### [Record extracts]
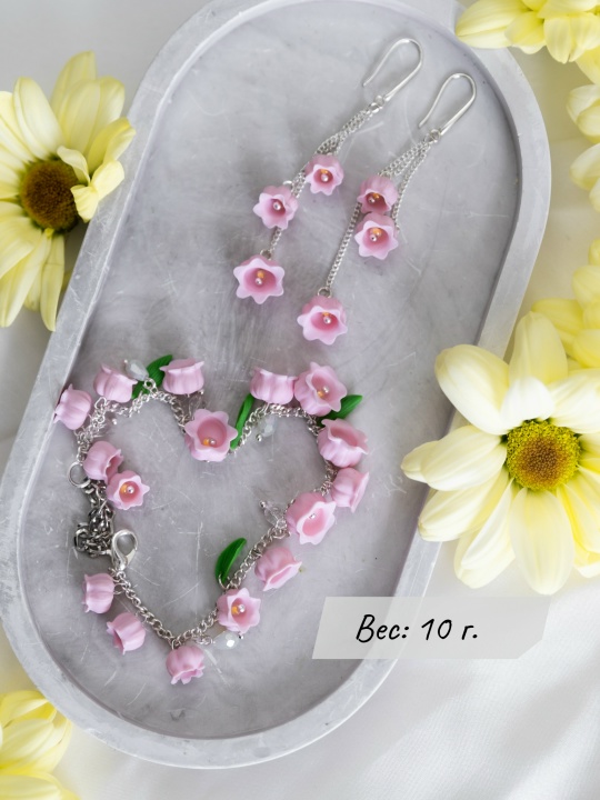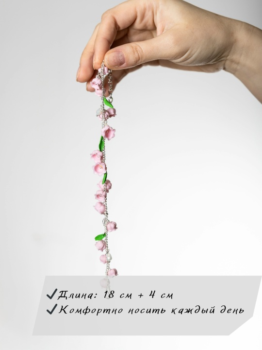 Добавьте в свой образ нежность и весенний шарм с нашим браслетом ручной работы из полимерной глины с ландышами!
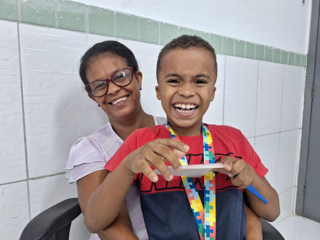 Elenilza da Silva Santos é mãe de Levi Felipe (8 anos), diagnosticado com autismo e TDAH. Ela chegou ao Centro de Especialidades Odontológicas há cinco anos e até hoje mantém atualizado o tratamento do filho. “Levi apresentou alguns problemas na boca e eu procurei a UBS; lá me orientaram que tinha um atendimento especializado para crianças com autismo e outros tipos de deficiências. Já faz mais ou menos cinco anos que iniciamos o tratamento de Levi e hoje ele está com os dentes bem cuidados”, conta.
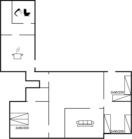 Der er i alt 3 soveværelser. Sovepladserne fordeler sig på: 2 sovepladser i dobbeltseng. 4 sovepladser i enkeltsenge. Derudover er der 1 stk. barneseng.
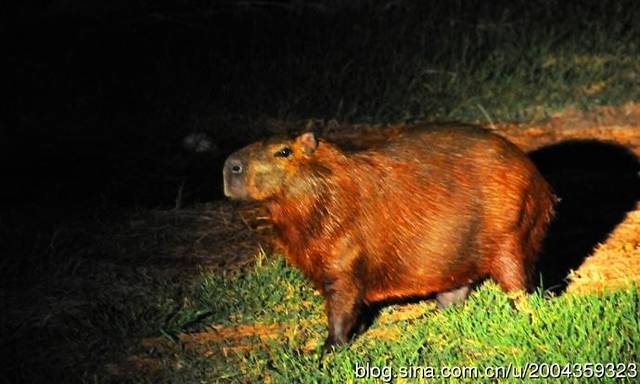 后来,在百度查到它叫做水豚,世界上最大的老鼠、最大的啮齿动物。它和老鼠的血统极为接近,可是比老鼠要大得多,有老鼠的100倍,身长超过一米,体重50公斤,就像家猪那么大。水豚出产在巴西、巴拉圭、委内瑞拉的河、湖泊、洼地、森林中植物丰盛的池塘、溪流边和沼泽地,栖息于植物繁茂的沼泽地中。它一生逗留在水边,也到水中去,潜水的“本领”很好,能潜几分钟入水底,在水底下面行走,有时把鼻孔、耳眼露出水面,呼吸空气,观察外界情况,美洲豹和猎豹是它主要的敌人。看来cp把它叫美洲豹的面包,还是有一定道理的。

==

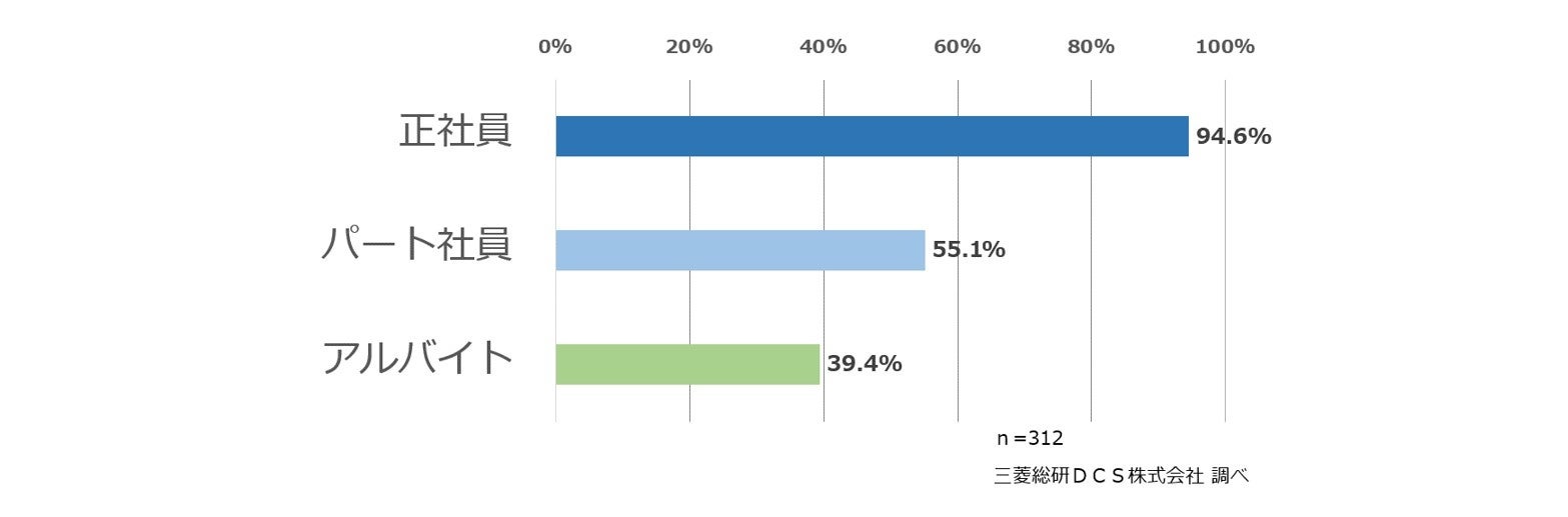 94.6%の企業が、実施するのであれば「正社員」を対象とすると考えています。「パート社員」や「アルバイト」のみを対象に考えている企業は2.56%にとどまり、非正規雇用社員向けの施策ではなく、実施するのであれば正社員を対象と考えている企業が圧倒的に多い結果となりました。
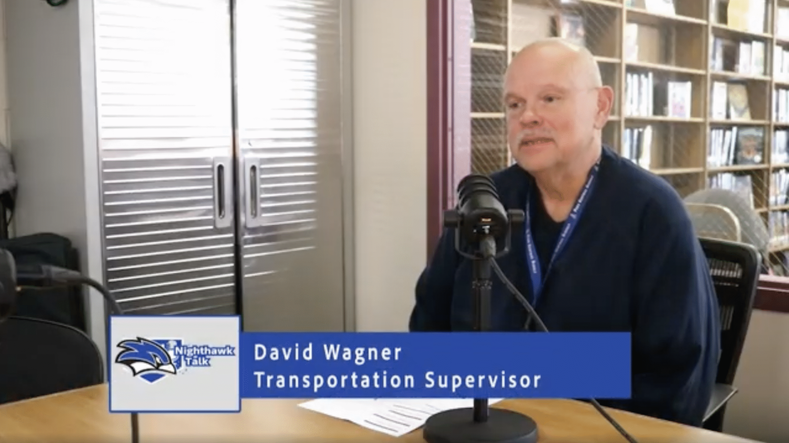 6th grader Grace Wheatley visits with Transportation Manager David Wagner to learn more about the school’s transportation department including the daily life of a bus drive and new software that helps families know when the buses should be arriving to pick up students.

### [Work order]
With the pictures left out, write out exactly the lines above from the one containing "94.6%の企業が、実施する" through the one containing "6th grader Grace".

### [Solution for this problem]
 94.6%の企業が、実施するのであれば「正社員」を対象とすると考えています。「パート社員」や「アルバイト」のみを対象に考えている企業は2.56%にとどまり、非正規雇用社員向けの施策ではなく、実施するのであれば正社員を対象と考えている企業が圧倒的に多い結果となりました。
 6th grader Grace Wheatley visits with Transportation Manager David Wagner to learn more about the school’s transportation department including the daily life of a bus drive and new software that helps families know when the buses should be arriving to pick up students.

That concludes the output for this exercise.